[Numpy-discussion] __array_interface__ / __array_struct__
Travis E. Oliphant
oliphant@enthought....
Tue Jan 22 16:20:56 CST 2008
Thomas Heller wrote:
> Travis E. Oliphant schrieb:
>
>> Thomas Heller wrote:
>>
>>> I am experimenting with implementing __array_interface__ and/or __array_struct__
>>> properties for ctypes instances, and have problems to create numpy arrays
>>> from them that share the memory. Probably I'm doing something wrong;
>>> what is the correct function in numpy to create these shared objects?
>>>
>>> I am using numpy.core.multiarray.array(ctypes-object), is that correct?
>>>
>>>
>> Yes, this should work, as the array function goes through several checks
>> including looking for the __array_struct__ and/or __array_interface__
>> attributes. If you can point me to the code, I can probably help.
>>
>>
>
> The pure-python code, using __array_interface__, is here:
>
> http://ctypes-stuff.googlecode.com/svn/trunk/numpy/
>
> Use a webbrowser to view or download it, or an svn client
> to checkout a copy.
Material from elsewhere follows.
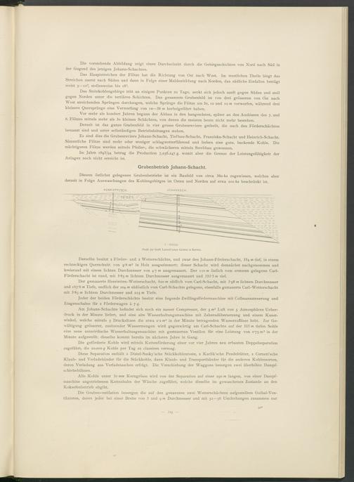 Es sind dies die Grubenreviere Johann-Schacht, Tiefbau-Schacht, Franziska-Schacht und Heinrich-Schacht. Sämmtliche Flötze sind mehr oder weniger schlagwetterführend und liefern eine gute, backende Kohle. Die mächtigeren Flötze werden mittels Pfeiler-, die schwächeren mittels Strebbau gewonnen.

I use it like this:
>
> from ctypes_array mport as_ctypes, as_array
> c_array = (c_double * 3)()
> numpy_array = as_array(c_array)
>
> or
>
> numpy_array = zeros(32)
> c_array = as_array(numpy_array)
>
> In the former example the objects to bot share memory, in the
> latter example they do.
>
> I also have an extension in the works that uses __array_struct__,
> but this is not yet uploaded.
>
This is all very good. The only thing missing that causes the former to
not share memory is you are missing a copy=False argument to the
multi_array function.
Thus:
return multi_array(obj, copy=0)
is what you need to use.
Also, the address of the memory is also available as
arr.ctypes.data if arr is a NumPy array (but this is less general than
using the array interface for sure).
-Travis O.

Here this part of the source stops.